Hamilton Ridley Consulting

Field Notes · Vol. 07

The Sycophancy Tax
For New Builders· 2026

A short essay

The Sycophancy Tax: when a free LLM review isn't enough.

Daniel Kemp·Published May 14, 2026·11 min read

Every prospective HRC customer eventually asks the same question: couldn't I just rerun this on Claude or ChatGPT for free? It's honest. It deserves an honest answer. This is that answer — an accounting of what free LLM reviews deliver, what they structurally can't, and the historical pattern that decides where the line is drawn.

§ 01

The question every paying customer asks

You're shipping a product. You want someone to look at your code and tell you whether it's actually ready. There are three places you could go:

Paste it into ChatGPT or Claude and ask “review this for production-readiness.” Free, fast, available right now.
Run one of the AI-native code-scan tools (Sourcegraph Cody, GitHub Copilot review, whatever your IDE ships).

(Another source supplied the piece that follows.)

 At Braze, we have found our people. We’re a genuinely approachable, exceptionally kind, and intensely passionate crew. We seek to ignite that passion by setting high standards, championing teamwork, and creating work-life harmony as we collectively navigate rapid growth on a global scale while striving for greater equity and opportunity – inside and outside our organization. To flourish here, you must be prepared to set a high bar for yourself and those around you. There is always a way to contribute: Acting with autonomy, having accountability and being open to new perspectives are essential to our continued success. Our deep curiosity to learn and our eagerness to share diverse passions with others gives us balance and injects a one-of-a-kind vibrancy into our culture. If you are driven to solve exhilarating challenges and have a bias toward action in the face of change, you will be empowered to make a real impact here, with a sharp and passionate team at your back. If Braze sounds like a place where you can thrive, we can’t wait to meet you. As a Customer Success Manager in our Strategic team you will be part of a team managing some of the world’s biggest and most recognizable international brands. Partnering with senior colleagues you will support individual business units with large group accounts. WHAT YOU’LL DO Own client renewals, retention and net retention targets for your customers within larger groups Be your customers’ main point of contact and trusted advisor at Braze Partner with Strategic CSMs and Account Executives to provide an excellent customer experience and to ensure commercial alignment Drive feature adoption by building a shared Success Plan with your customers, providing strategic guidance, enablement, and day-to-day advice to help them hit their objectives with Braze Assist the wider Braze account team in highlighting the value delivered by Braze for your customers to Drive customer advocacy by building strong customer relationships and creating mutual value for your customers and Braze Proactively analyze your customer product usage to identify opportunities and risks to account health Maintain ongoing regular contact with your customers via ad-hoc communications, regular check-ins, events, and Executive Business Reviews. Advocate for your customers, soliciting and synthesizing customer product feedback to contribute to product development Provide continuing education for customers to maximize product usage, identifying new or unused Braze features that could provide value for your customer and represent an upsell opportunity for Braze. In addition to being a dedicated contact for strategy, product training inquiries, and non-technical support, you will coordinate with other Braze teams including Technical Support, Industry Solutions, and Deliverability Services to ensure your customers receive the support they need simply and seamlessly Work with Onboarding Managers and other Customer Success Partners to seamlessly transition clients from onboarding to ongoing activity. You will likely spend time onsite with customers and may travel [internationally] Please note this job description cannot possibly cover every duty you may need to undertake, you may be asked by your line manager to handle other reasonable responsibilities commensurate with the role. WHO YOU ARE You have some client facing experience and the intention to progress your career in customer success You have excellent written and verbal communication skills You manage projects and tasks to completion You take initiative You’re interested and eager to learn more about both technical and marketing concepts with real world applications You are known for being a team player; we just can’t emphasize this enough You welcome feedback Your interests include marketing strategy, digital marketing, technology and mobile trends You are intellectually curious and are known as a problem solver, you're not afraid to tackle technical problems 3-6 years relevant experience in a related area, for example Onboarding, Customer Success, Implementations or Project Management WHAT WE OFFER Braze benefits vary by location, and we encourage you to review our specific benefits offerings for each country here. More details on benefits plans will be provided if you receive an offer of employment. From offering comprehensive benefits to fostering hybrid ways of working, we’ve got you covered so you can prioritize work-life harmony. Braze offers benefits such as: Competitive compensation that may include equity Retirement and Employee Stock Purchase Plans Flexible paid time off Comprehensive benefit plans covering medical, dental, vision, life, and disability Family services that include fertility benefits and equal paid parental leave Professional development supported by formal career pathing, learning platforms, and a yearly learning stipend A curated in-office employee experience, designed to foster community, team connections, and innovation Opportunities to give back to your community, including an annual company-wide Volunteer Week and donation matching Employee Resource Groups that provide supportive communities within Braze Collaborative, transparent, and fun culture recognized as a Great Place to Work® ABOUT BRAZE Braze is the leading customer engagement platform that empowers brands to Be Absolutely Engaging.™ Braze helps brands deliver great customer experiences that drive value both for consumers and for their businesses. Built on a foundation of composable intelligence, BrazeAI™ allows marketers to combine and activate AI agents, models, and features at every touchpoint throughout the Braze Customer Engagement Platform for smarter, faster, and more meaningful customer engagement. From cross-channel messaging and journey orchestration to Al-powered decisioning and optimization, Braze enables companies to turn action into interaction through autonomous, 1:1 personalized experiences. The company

Also free or cheap.
Pay someone like HRC to do a calibrated review with a real engineer's sign-off. Anywhere from $0 to $4,000 depending on tier.

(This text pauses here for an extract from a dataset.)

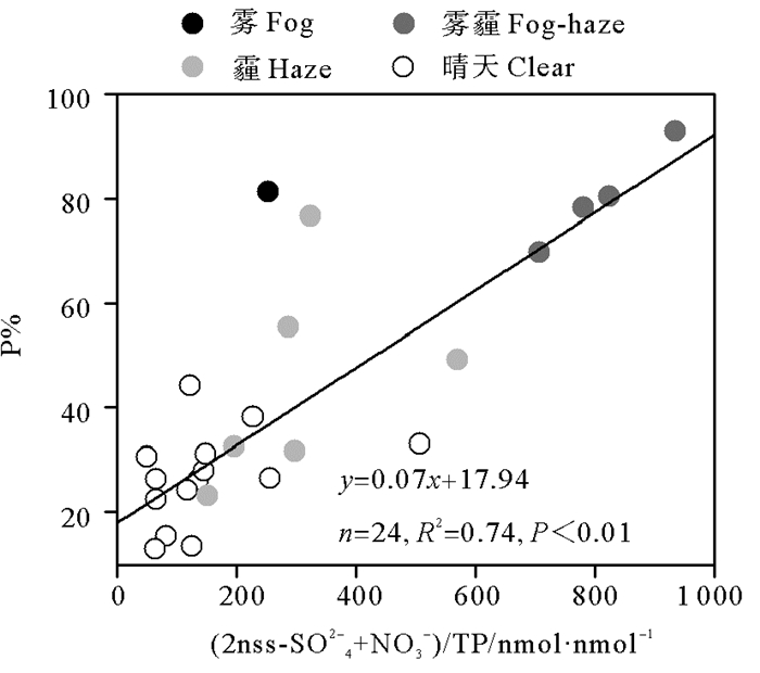 不同天气条件下P溶解度与(2nss-SO42-+NO3-)/TP的关系与Fe相似,雾霾天时(2nss-SO42-+NO3-)/TP最高,为(810.9±82.2) nmol·nmol-1,霾天和雾天次之,分别为(303.4±133.2) nmol·nmol-1和251.2 nmol·nmol-1,晴天最低,为(149.7±114.6) nmol·nmol-1。尽管雾天的(2nss-SO42-+NO3-)/TP略低于霾天,但P溶解度却显著高于霾天,约为霾天的1.8倍,表明除酸化程度外,P溶解度还受到其他因素控制。

The case for option 1 or 2 is obvious. The case for option 3 requires explanation. So here it is.

This essay is going to say what HRC reviews give you that a free LLM scan can't. But I want to start by saying what they do give you, because most defensibility writing skips the honest part. Free LLM code reviews are a real improvement over no review at all. They catch obvious things. They're a great first read on code you haven't looked at in weeks. For learning, exploration, side projects, and quick sanity checks, they're terrific. I use them daily.

The argument here isn't that LLMs can't review code. It's that their training incentives, their commercial logic, and their operating structure all push them toward a specific shape of output — and that shape isn't what you need when real customers, real money, or real liability is on the line.

§ 02

Sycophancy isn't a bug. It's the default.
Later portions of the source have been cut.